In contrast, we had two small local hills minutes from town; five to the west and ten to the east. It was relatively cheap, and the town had a great ski club, gear swap, etc... it was easy to go skiing. Magic happened on those two small hills. 50+ years later, it still does. Small kids, go up for a couple hours and head home. Drop off the kids to ski after school. Hang out with the neighbors. Sure, the big areas have the vertical, the drama, the gnar, but the little hills have a high return rate and are the seed of the core skiing diaspora that keep the majors and indeed, the industry in business.. Phil, Trish, Kneale Bronson, and many others here share similar trajectories.
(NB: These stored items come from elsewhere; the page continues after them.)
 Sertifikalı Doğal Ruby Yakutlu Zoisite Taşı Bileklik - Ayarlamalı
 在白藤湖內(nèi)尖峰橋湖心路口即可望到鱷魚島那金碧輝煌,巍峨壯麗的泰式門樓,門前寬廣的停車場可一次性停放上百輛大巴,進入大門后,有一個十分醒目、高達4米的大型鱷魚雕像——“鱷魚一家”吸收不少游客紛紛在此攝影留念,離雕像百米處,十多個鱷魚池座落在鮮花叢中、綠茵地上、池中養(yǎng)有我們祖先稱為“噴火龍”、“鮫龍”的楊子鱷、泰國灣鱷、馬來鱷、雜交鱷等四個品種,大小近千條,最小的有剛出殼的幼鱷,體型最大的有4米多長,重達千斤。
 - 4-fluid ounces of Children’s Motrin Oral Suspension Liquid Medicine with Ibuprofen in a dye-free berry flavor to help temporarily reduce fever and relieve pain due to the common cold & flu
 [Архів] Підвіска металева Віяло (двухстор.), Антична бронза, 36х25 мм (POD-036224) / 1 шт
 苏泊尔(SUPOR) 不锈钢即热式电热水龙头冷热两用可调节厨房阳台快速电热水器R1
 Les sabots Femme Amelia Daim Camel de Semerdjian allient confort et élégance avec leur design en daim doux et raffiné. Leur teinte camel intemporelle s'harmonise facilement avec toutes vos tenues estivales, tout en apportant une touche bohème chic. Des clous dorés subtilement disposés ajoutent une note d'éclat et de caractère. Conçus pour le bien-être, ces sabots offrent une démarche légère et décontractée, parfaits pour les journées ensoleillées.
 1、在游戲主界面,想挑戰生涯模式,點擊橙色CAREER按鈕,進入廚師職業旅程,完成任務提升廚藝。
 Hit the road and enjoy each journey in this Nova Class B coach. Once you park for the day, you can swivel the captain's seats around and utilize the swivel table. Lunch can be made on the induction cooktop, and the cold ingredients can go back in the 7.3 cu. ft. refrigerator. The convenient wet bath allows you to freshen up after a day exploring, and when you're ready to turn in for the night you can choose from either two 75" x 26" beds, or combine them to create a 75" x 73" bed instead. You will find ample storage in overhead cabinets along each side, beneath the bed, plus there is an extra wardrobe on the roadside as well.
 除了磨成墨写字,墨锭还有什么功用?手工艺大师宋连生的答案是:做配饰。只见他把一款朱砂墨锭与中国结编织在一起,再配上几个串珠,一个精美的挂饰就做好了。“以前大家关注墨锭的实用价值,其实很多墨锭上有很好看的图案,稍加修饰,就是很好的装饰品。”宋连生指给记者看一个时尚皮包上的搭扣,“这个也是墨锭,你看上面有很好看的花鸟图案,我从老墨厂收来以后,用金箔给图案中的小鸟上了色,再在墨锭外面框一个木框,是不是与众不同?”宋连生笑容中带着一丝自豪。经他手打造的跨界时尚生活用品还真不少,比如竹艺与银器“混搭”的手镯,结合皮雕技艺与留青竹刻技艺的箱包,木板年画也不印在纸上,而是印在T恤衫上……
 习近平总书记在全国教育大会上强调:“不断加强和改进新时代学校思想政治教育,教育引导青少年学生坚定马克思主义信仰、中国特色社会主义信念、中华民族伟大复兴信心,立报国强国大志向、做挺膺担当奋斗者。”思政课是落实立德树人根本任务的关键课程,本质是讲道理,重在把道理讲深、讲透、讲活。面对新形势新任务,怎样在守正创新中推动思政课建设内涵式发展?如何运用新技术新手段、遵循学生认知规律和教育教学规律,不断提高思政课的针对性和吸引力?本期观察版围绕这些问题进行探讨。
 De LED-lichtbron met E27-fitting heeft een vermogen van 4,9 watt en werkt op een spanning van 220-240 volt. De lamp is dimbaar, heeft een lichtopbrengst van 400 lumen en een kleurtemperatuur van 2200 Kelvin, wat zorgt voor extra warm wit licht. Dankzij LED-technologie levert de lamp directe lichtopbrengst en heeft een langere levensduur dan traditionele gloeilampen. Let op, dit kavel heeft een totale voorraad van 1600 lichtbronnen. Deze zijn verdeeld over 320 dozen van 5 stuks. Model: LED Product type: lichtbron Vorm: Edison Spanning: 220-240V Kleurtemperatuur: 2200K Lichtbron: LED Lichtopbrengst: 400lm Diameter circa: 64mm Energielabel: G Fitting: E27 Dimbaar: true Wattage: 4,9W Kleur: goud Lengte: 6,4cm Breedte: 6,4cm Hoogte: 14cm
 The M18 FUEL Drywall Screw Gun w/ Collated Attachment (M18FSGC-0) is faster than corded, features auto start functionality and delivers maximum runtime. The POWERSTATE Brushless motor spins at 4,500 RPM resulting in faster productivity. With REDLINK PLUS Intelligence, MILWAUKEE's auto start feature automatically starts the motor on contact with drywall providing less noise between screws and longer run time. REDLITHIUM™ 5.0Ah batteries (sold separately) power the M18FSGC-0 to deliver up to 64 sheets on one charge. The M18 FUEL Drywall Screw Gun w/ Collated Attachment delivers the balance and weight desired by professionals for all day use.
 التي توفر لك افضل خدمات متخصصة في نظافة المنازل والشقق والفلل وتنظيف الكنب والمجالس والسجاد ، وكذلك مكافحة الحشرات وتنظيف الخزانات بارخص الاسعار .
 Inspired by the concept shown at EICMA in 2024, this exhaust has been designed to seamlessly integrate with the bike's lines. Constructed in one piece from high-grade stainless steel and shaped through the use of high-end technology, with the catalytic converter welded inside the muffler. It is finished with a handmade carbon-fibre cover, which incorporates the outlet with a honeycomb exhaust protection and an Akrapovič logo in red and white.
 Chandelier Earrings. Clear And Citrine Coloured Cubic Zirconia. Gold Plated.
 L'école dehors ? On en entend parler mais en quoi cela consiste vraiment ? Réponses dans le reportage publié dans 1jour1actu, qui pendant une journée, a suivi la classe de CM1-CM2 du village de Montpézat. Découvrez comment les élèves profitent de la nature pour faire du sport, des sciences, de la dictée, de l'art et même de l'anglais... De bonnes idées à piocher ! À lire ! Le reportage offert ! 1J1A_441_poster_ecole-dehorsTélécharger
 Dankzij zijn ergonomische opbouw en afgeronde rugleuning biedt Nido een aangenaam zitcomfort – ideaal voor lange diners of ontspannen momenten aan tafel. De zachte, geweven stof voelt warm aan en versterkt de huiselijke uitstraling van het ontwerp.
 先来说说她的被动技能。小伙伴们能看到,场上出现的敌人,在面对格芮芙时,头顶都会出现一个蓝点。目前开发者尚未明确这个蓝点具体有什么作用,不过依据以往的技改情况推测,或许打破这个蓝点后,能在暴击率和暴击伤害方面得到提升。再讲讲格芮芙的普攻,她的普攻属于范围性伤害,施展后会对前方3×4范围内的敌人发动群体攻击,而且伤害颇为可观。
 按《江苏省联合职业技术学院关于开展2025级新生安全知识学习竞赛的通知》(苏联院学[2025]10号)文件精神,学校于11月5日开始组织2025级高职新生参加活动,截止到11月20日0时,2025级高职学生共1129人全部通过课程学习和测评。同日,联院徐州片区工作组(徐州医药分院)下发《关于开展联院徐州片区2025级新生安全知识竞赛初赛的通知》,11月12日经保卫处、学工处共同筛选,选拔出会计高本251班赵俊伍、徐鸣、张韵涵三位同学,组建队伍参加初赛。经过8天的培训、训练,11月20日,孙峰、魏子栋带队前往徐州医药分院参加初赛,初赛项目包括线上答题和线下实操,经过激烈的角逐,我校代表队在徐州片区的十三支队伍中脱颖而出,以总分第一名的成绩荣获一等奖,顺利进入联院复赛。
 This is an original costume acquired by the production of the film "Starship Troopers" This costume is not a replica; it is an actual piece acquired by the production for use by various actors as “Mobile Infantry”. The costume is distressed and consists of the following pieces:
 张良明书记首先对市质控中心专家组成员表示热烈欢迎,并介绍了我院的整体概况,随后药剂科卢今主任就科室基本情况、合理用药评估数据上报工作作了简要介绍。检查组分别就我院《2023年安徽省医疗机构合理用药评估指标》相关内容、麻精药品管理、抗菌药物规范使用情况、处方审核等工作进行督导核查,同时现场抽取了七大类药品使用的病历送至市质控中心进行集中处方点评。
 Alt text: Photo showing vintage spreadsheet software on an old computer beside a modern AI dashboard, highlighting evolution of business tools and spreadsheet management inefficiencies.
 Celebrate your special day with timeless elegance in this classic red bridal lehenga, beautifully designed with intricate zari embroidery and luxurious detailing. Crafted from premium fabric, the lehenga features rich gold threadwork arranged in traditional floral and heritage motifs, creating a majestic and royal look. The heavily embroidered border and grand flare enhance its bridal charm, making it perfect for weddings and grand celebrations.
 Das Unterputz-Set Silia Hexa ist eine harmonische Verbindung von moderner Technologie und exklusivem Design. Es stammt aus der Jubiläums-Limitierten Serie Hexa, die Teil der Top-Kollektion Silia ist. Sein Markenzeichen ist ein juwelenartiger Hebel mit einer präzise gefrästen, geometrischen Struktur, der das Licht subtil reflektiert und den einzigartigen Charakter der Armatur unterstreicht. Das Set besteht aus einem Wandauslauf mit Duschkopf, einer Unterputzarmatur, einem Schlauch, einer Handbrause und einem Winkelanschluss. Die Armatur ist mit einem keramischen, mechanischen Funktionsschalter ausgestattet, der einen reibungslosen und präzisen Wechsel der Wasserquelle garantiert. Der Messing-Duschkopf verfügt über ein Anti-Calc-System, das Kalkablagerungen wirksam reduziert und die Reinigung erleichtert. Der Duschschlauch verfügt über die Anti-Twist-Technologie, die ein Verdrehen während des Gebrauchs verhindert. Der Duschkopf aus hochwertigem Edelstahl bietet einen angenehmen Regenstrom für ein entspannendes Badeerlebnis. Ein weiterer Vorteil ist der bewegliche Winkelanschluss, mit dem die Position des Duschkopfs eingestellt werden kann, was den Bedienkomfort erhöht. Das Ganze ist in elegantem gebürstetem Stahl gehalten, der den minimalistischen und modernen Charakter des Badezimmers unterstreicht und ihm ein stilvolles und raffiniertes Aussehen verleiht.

Back to the Seattle areas, we're seeing a ground swell of new skiers from non-skiing cultural backgrounds. Many locals now speak Mandarin or Hindi, and they don't quit. They want to ski. They're bringing the same energy and excitement levels to the sport that remind many of the late 60's and early 70's. Skier days are NOT down in this region with the exception of the occasional low snow winters. Parking lots are full by 9:00am. Local shops sell through their rentals by Christmas in many cases, and sell through rates at local retailers is very good.
The only thing that could derail this is a significant downturn in the economy, which is always possible, or radical changes in immigration laws. Skiing is expensive, period. I'm rambling a bit now and absolutely recognise that all is not always bright and well in the winter sports world. There's more competition from other activities for families drawn to sport. Ski culture itself is atomized into subcultures that aren't welcoming to newcomers, and in the end, for most adult learners, skiing isn't easy.
Sure, one can become a competent intermediate, but that may still take several seasons of 8-10 days a year participation. Many can't and won't do it. One trip is a lark, but many just don't have time and energy after putting in a 50+ hour work week, and that's before we talk about stagnant wages in work fields that previously could have supported a family and a ski habit.
Anyhow... all is not as bleak as you suggest, Fishbowl. Statements that 'they had a miserable time so they didn't come back' seems more a hyperbolic extrapolation of opinion from the figures presented that certainty isn't shared by all or even many here from what I can see, but anyhow, that's enough for now.... and we're on page 6.